Several scholars have suggested various reforms to improve patent law's commercialization incentives. One approach, which follows Ed Kitch's influential "prospect" theory of patents, (24) proposes strengthening patent rights--by, for example, broadening patent scope or lengthening patent terms--so that patentees can internalize more of the positive benefits generated by their inventions. (25) Although reward theorists have heavily criticized these proposals for increasing deadweight losses and impeding follow-on technological development, (26) scholars have said very little about whether the proposals improve commercialization incentives per se, as intended. (27) This Article argues that such a property-rights approach can often retard commercialization. (28) Another proposed route to improving commercialization incentives is to modify the reward theory to encourage patenting later in the innovation process, such as by requiring patentees to build a prototype before filing. (29) Although such a modified reward theory would improve upon many wanting aspects of today's patent system--specifically, by forcing inventors to engage in at least some commercialization in exchange for a patent--it could significantly diminish ex ante incentives to invent and could lead to duplicated development costs. (30)

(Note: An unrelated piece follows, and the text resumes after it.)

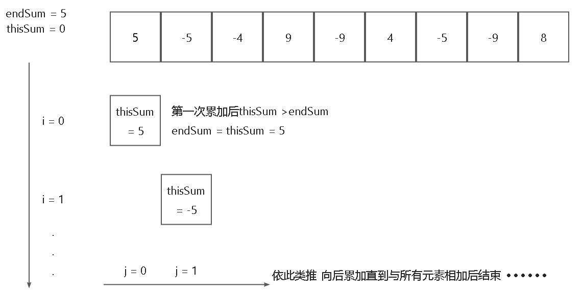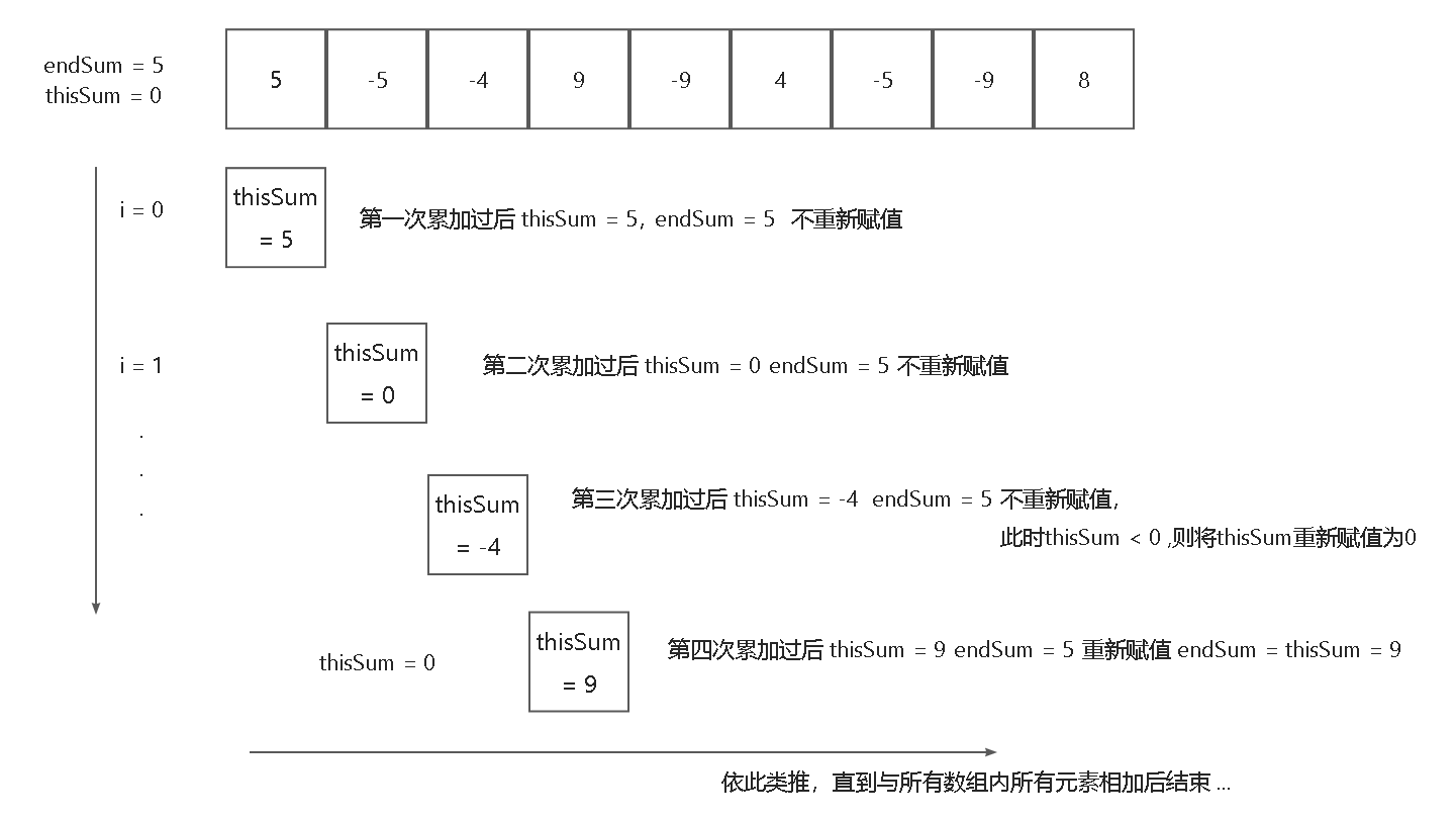 4.判断thisSum是否大于endSum,若大于则对endSum重新进行赋值操作,即endSum = thisSum;

Neither prospect theory nor a modified reward theory can practically achieve an ideal balance because both attempt to "commercialize" traditional patents designed to spur the creation of new and non-obvious knowledge, rather than to encourage the manufacture and sale of new products. (31) Therefore, this Article recommends adopting a novel policy lever--a "commercialization" patent--granted in exchange for a commitment to commercialize a product not available in the marketplace. Clearly, the burden of proof for adopting a new type of intellectual property (IP) fight is high-patent scholars have generally been opposed to new rights, viewing them as unnecessarily increasing deadweight losses, being too costly and difficult to implement, creating needless complexity, and encouraging legislative rent-seeking. With these hurdles in mind, the remainder of this Introduction sketches the proposal and briefly explains why it overcomes these concerns.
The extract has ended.